Stored items:
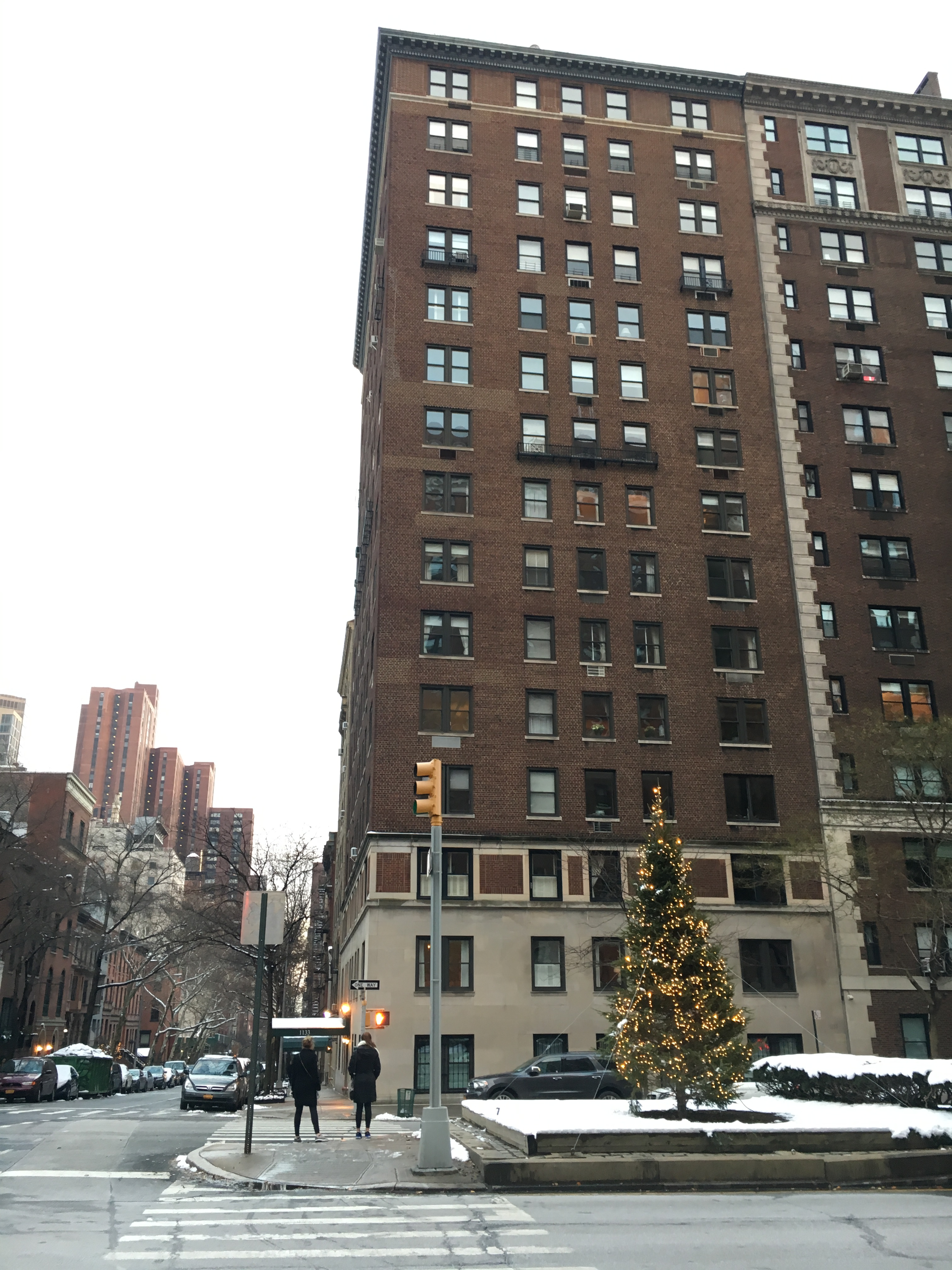 1133 Park Avenue, corner of 91st Street, Upper East Side, Manhattan
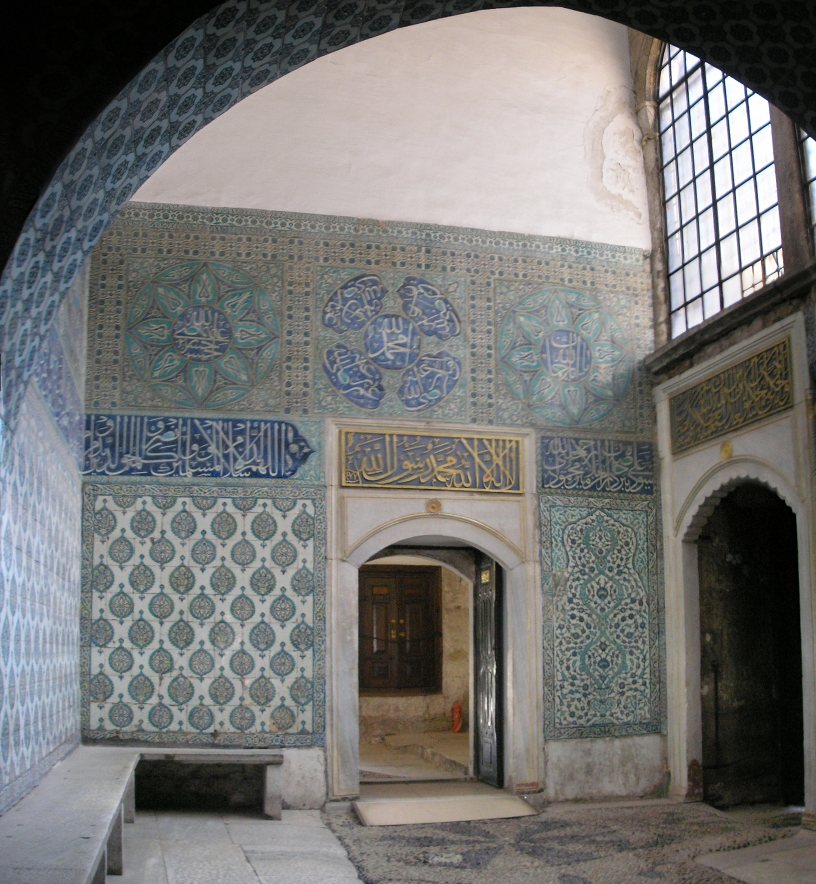 The Hall with Fountain (Ṣadirvanli Sofa) in the Topkapi Palace in Istanbul. This was renovated after a fire in 1666, and served as the entrance hall to the Harem. It was guarded by the Eunuchs This panoramic image was created with Autostitch (stitched images may differ from reality).
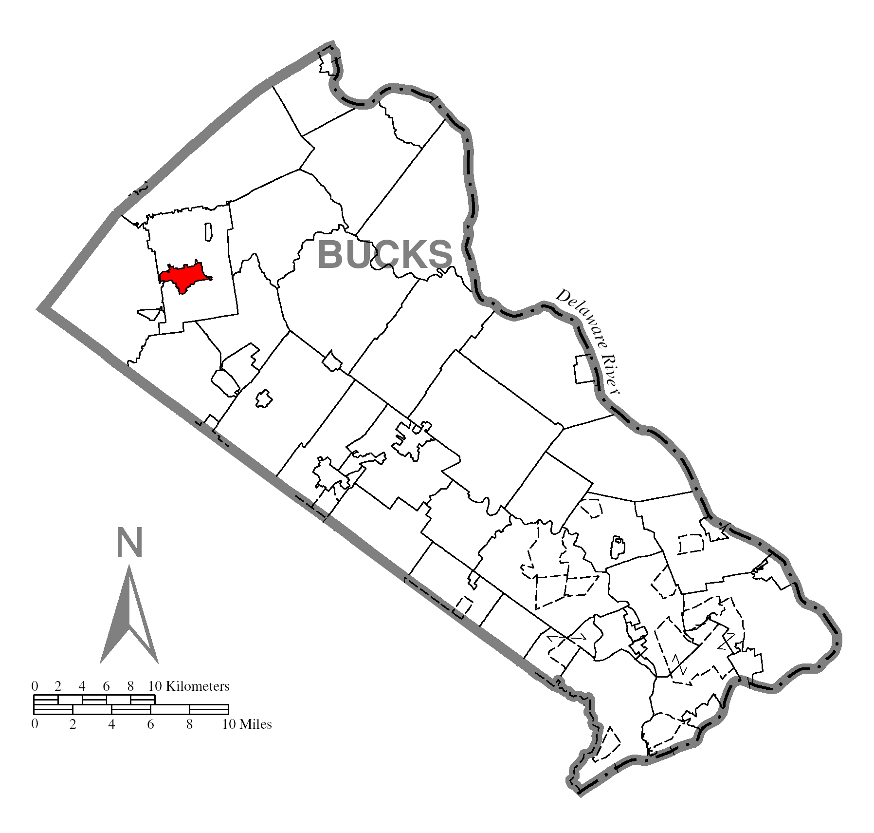 A map of Bucks County showing Quakertown, Pennsylvania (alternate) highlighted on the map.
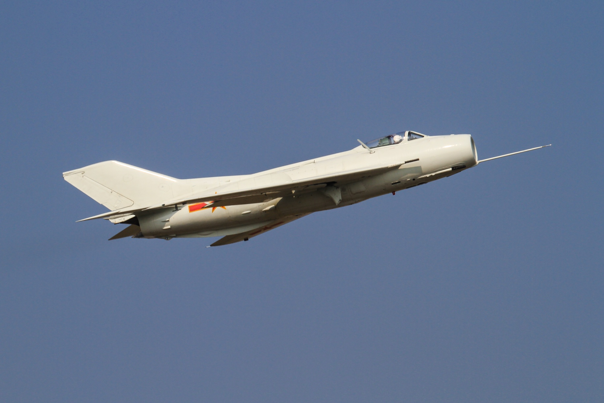 Shenyang J-6 fighter at Zhuhai Airshow 2010
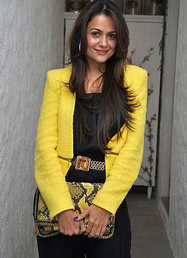 Amrita arora kallista spa
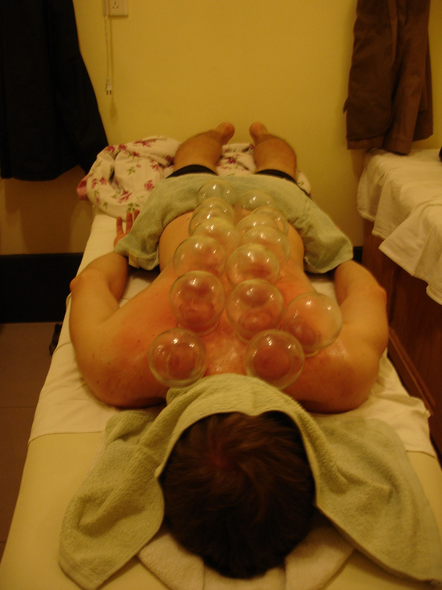 Fire Cupping 2008
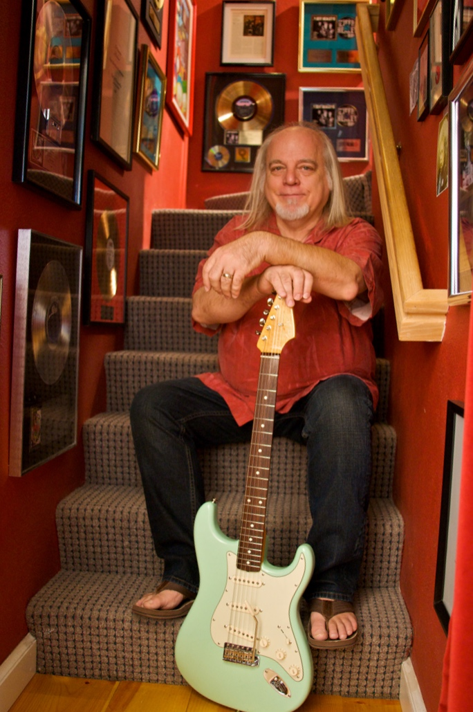 Ed Stasium
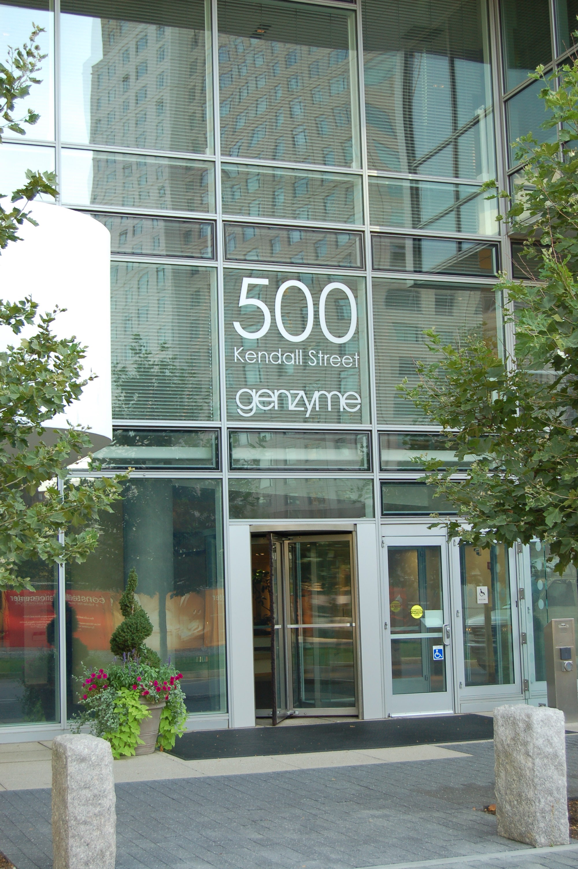 The entrance to the Genzyme building at 500 Kendall Square in Cambridge, Massachusetts

EXERCISE —
Your task is to give again, unchanged, the lines from the line that contains "A map of Bucks" to the end of the records. Include both end lines but no pictures.

RESPONSE FOR THIS EXERCISE —
 A map of Bucks County showing Quakertown, Pennsylvania (alternate) highlighted on the map.
 Shenyang J-6 fighter at Zhuhai Airshow 2010
 Amrita arora kallista spa
 Fire Cupping 2008
 Ed Stasium
 The entrance to the Genzyme building at 500 Kendall Square in Cambridge, Massachusetts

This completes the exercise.